Instructions for the task: Repeat the lines below exactly as written, please, from the line with "Today, we visited" to the line with "Шайба массой m", both lines included, and no others.

The records:
>>

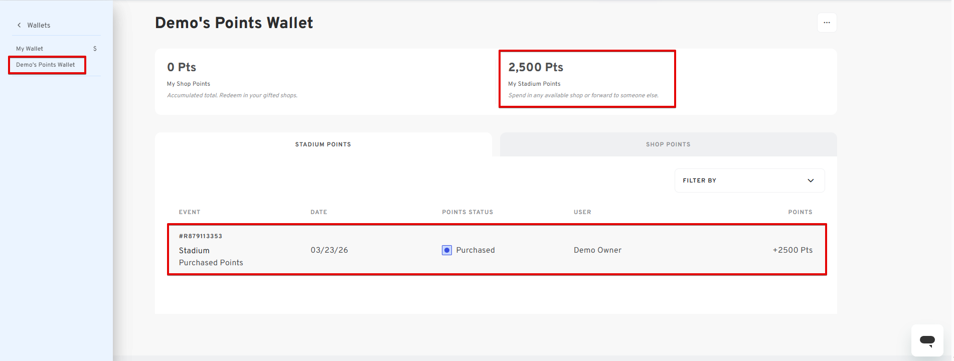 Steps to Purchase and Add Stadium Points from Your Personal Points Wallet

<<
>>

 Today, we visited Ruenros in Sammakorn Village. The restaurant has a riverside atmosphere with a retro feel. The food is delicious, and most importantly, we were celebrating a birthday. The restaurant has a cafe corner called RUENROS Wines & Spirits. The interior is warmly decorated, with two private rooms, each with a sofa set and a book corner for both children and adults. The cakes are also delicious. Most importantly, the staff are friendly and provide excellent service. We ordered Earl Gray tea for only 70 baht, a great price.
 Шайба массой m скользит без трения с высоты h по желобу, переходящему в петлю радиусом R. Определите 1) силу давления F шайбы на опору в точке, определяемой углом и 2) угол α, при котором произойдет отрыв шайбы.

<<

Problem solution:
 Today, we visited Ruenros in Sammakorn Village. The restaurant has a riverside atmosphere with a retro feel. The food is delicious, and most importantly, we were celebrating a birthday. The restaurant has a cafe corner called RUENROS Wines & Spirits. The interior is warmly decorated, with two private rooms, each with a sofa set and a book corner for both children and adults. The cakes are also delicious. Most importantly, the staff are friendly and provide excellent service. We ordered Earl Gray tea for only 70 baht, a great price.
 Шайба массой m скользит без трения с высоты h по желобу, переходящему в петлю радиусом R. Определите 1) силу давления F шайбы на опору в точке, определяемой углом и 2) угол α, при котором произойдет отрыв шайбы.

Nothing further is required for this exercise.